Machine-learning based flow field estimation using floating sensor locations
Pith reviewed 2026-05-24 06:21 UTC · model grok-4.3
The pith
A machine learning model can estimate flow fields from floating sensor locations alone without using any fluid equations.
A machine-rendered reading of the paper's core claim, the machinery that carries it, and where it could break.
Core claim
The central claim is that a neural network can be trained solely on sensor location data to output velocity fields whose integration produces sensor trajectories matching the observations, and that these fields accurately capture the underlying flow structures in two-dimensional examples without any reference to the Navier-Stokes equations or similar governing laws.
What carries the argument
The machine learning model that generates velocity fields so the time variation of sensor motion matches the given location data.
Load-bearing premise
That a velocity field reproducing the observed sensor paths must be the true underlying flow rather than some other field consistent with those paths.
What would settle it
Run the method on a known exact flow with recorded sensor paths and check whether the output velocity field matches the true field inside the regions traversed by the sensors.
Figures
read the original abstract
Based on machine learning techniques, we propose a novel method to estimate flow fields using only floating sensor locations. This method does not require either ground-truth velocity fields or governing equations for fluid flows, which is attractive for practical applications. The machine learning model is supposed to generate accurate velocity fields so that the time variation of sensor motion is consistent with the given data of sensor locations. To validate the method, the estimation accuracy, the dependence on the number of sensors, the time intervals for the sensor location data, and the robustness to noise are investigated using three examples of two-dimensional flows: the flow around a circular cylinder, the forced homogeneous isotropic turbulence, and the ocean currents. These investigations demonstrate the performance and practicality of this method, revealing that the accuracy can be comparable to the state-of-the-art physics-informed neural networks (PINNs)-based method even without any assumption of governing equations. Moreover, we observe that the present method can estimate the major structures, such as periodic wakes behind a cylinder, coherent structures in the forced turbulence, and stable ocean currents, with only a few sensors. We believe the present method can provide effective utilization of floating sensor observations in various fields.
Editorial analysis
A structured set of objections, weighed in public.
Referee Report
Summary. The paper proposes a machine-learning method to estimate 2D flow velocity fields solely from time series of floating sensor locations. A neural network parameterizes the velocity field v(x,t); its parameters are optimized so that numerical integration of the sensor ODEs dx_i/dt = v(x_i,t) reproduces the observed sensor trajectories. No ground-truth velocities or governing equations are used. Validation on cylinder wake, forced isotropic turbulence, and ocean currents shows that major flow structures can be recovered with few sensors and that accuracy is comparable to PINNs-based methods.

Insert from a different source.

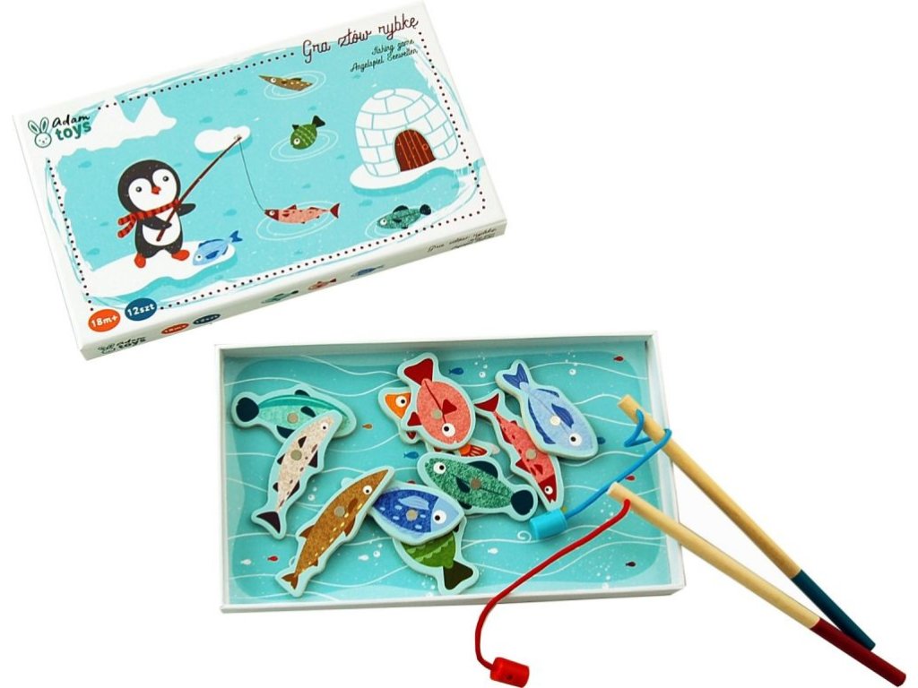 Dřevěná hra Tučňák na rybách.Užijte si spoustu zábavy s chytáním rybiček.

Significance. If the recovered fields are shown to be the true underlying flows rather than arbitrary fields consistent with the finite set of trajectories, the method would be practically useful for Lagrangian-only data scenarios in oceanography and experiments where governing equations are unavailable. The absence of equation assumptions is a potential strength, but the underdetermined inverse problem must be resolved for the claim to hold.
major comments (3)
- [Method] Method section (around the loss function and optimization): the training objective minimizes only the integrated sensor-position mismatch. With a finite number of sensors the map from velocity field to trajectories is many-to-one; nothing in the formulation (no physics constraints, no explicit regularization beyond network architecture) selects the physical solution over other consistent fields. This directly undermines the central claim that the estimated field is the true flow rather than merely trajectory-consistent.
- [Results] Results, sensor-count dependence (figures showing 4–20 sensors): the reported recovery of “major structures” with few sensors is consistent with the underdetermination concern. Without a quantitative demonstration that additional sensors systematically reduce error toward an independently known ground-truth field (rather than simply adding more constraints), the claim that accuracy is comparable to PINNs remains unproven.

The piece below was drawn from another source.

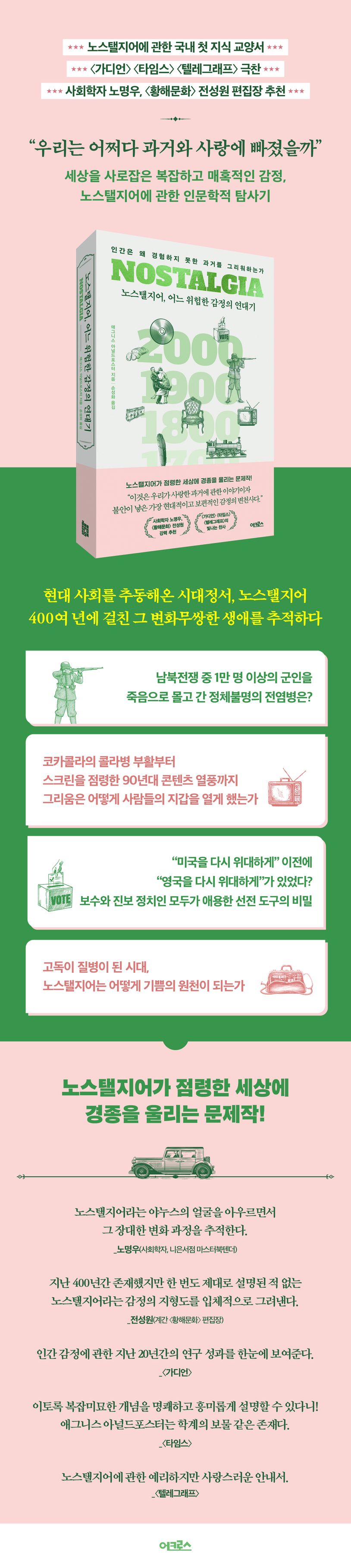 “노스탤지어의 물결이 세계를 뒤덮을 것이다.” 미래학자 앨빈 토플러가 《미래의 충격》에서 내놓은 예견은 50여 년이 지난 오늘날 더욱 크게 다가온다. 90년대 프로그램이 재방영되고, 한 시대를 풍미했던 노래가 음원 차트의 상위권을 차지하고, Y2K 패션이 유행을 선도한다. 기업들은 아날로그 향수를 자극하는 제품들을 출시하며, 정치인들은 더 나은 미래를 약속하기보다 더 나았던 과거를 상기시킨다. 전 세계가 노스탤지어에 젖어 있지만, 우리 대부분은 노스탤지어가 무엇인지, 그것이 어떻게 변화해왔고 우리에게 어떤 영향을 미치는지는 거의 알지 못한다.

- [Numerical examples] Cylinder and turbulence examples: while qualitative agreement with expected wakes and coherent structures is shown, the manuscript must supply point-wise velocity or vorticity error norms against ground truth (or against the PINN baseline) to establish that the learned field is not an arbitrary interpolant of the paths.
minor comments (2)
- [Method] Clarify the precise neural-network architecture, activation functions, and any implicit regularization (e.g., weight decay) used for the velocity-field representation.
- [Method] Specify the numerical integrator and time-stepping scheme employed for the sensor ODEs, and report sensitivity of results to integrator choice.
Simulated Author's Rebuttal
We thank the referee for the constructive comments, which help clarify the scope and limitations of our method. We address each major comment below and will revise the manuscript accordingly to strengthen the presentation of quantitative results and to better articulate the method's assumptions.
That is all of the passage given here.